One of my favorite people in the world, Olivia Louise, asked me to write her a recommendation for high school admission. Once I got done, I realized that I wanted to share it, because she really is a person worth knowing, and should probably enjoy a wider fan base than she currently does. So here goes:
I still can’t
remember the first time I met Olivia. It’s as if she materialized in our house,
went off to play Barbies with my daughter, and, in many ways, never left, thank
goodness. Over the years, I’ve served her thousands of dishes of mac and
cheese, gone to see her performances in school plays (always stellar), noticed
when her teeth fell out, sympathized when she got braces and celebrated when
they came off. I’ve ferried her all over town, to day camps and drama classes
and in between one sporting event and another (she is seriously sporty). Olivia
has spent a lot of time being a passenger in my car, and that alone is a
testament to her strength of character.
The hands-down
best times she and I ever spent together were when my daughter, who is six
months older than she is, was already in half-day kindergarten, and Olivia,
still a preschooler, would walk up to the grade school with me to pick up my daughter
for lunch and playtime. Olivia would get to hold the dog’s leash, all by
herself, and she would walk by my side, telling me what was on her mind. I
loved, really loved, hearing what was on her mind.
A part of
me, the big, dumb part, or maybe the hopeful part, believes that these walks happened
just a week or two ago, and that Olivia is still waiting across the alley for
me. All I need to do is walk up the cowpath she and Mary created between our
two yards, help her on with boots and mittens, and we’re set for our walk up to
school.
But of
course this isn’t true. She is taller than me, and smarter than me (always was,
I have to admit) and ready, now, for high school. Despite all those changes,
she is still someone whose company I enjoy just as much as I did on what I
now must admit were long-ago walks.
Last year, our family went to Beijing to visit my oldest daughter, who was studying there. It was an arduous journey that none of us particularly wanted to make, and one of the few things that made it bearable was that Olivia came along with us. The truth is, we are a high-strung, excitable bunch, even worse when we’re all together, or when we’re traveling, and Olivia calms us down. She is the still, strong center to which we cling, whether we realize we’re doing it or not.

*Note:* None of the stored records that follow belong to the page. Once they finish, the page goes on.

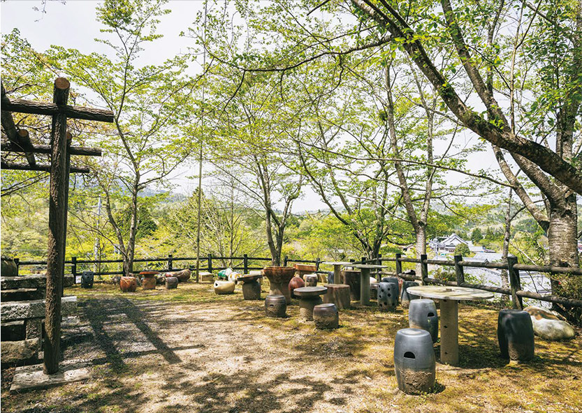 展望臺(tái)に並ぶベンチやテーブルは、陶蕓作家の作品。伊賀の里を見(jiàn)下ろしながら一息つけるとっておきの場(chǎng)所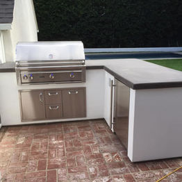 New pergola with heaters and fans. New outdoor BBQ island.
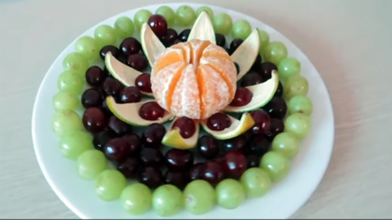 در ویدئوی زیر برای تزیین بشقاب دسر از دو میوه انگور و پرتقال استفاده شده است. شما با انجام چند برش ساده و کمی حوصله میتوانید این کار را در منزل انجام دهید.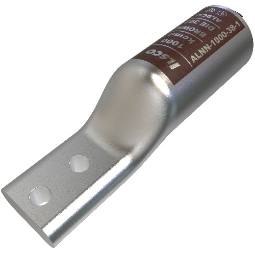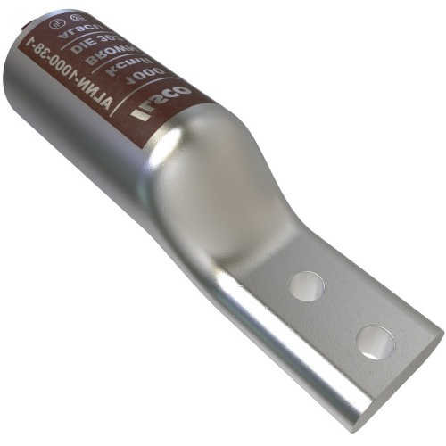 Ilsco ALNN-1000-38-1 - Surecrimp Aluminum Compression Lug for 1000 kcmil stranded copper conductors. 2-hole design with 3/8in bolt size, 1in hole spacing, and narrow tang. Long barrel with tin plating. Dual rated with 35kV voltage rating. UL, CSA, NEMA codes. Suitable for 180° connections. Ideal for high-power applications. Color: Silver. Tin finish.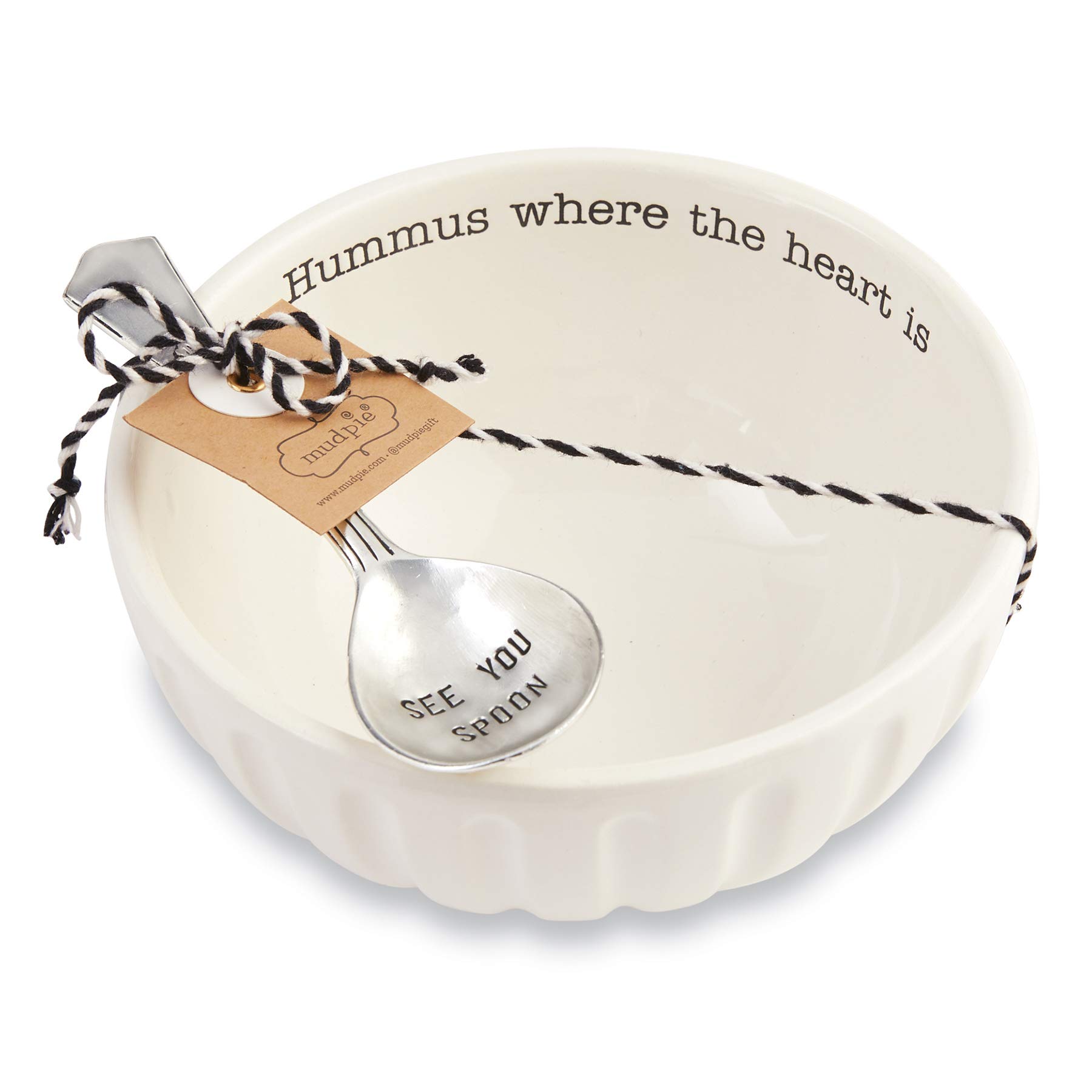 The Mud Pie Hummus Bowl with Spoon is a stylish 2-piece dolomite set designed specifically for serving hummus. Measuring 3" high and 6" in diameter, it features a fluted exterior and a charming 'Hummus where the heart is' sentiment on the inner rim. The set includes a 6" silverplate spoon stamped with 'See you spoon' and is both microwave and dishwasher safe, combining durability with playful design. Perfect for gifting or enhancing your kitchen table.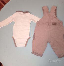 Completo neonato OBAIBI composto da body in cotone a manica lunga e salopette a costine. Taglia 3 mesi, 59 cm. Usato poco.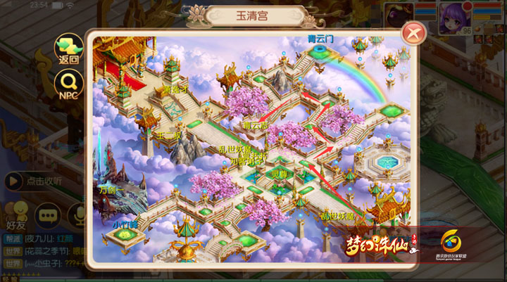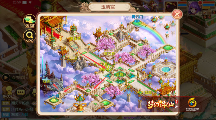 第五关用的是小竹峰的地图,手动路线与寻找NPC路线相同,BOSS狻猊在张小凡3字的右上方。 第六关使用的是十万大山的地图,非常简单,一条直线走过去就能看到BOSS霸下。 第七关用的玉清宫的地图,这算是整个九霄中最复杂的2张地图之一,如果记不住路线可以找前置NPC,BOSS狴犴在万剑一处, 第八关用的仍是玉清宫的地图,整个九霄最复杂的2张地图之二,落地点变了,在下方,BOSS螭吻在青云志处,路线如下: 第九关用的是蛮荒的地图,也是比较简单的直线走就可以了,注意靠边走不要点到石块岩层上方就行(实际点到了也没关系)。 第十关就不用多说,直接过去挑战就可以了,因决战九霄无法看到地图界面,所以用的是普通地图替代哦,路线都是一样的。 |

Last year, our family went to Beijing to visit my oldest daughter, who was studying there. It was an arduous journey that none of us particularly wanted to make, and one of the few things that made it bearable was that Olivia came along with us. The truth is, we are a high-strung, excitable bunch, even worse when we’re all together, or when we’re traveling, and Olivia calms us down. She is the still, strong center to which we cling, whether we realize we’re doing it or not.
It was a
better trip, because of her – her clarity, her observations, her willingness to
do crazy things like fling herself in a metal sled down the side of the Great
Wall of China. It was an outrageous thing to do, and Olivia and I, both
Olympic-class worriers, were probably equally afraid of such a stunt. We’ve both
spent our lifetimes thinking about all the things that can ever go wrong, and then
working very hard to prevent them from happening. The difference between Olivia
and me is that I rode back down on the babyish gondola, and she picked up the
sled and went down the side of the Great Wall. That’s how brave she is, and
that’s one of the many reasons I admire her so much.
Three other
reasons I admire her (and these are just the top-of-the-head ones, I could come
up with dozens upon further reflection): 1) She sees everything, I mean everything, but she doesn’t feel a need
to comment. She just knows, and that’s enough. And I know when she knows, and sometimes that's kind of fun and sometimes it's a little bit scary. 2) She has been through a lot,
more than the fair share for an average eighth grader, and, perhaps because of
that, or just because she’s wonderful anyway, she is one of the most resilient people
I know. 3) She does not toss away her smiles and laughs for free; they must be
earned. This makes me try even harder to please Olivia, and when I do – whether
it’s by pulling the banana bread out of the oven at the exact moment she wants
it, or by getting all the logistics right and getting her to the place she needs to be at the precise instant she needs to be there – I feel as if I’ve
earned a medal, and it’s not in Worrying, but in something really worthwhile,
Olivia-Pleasing.
In some
ways, she’s been a grown-up ever since I’ve met her, and it’s been interesting
to watch her get older and become more of a fit with her actual outside self.
She was one heck of a wise five-year-old, and she’s a wicked-wise
fourteen-year-old. She’s the sort of person who won’t necessarily get any
smarter or wiser as the years go by, because that would probably be impossible. Instead, she’ll just become herself, more and more,
and that will be an amazing thing to behold.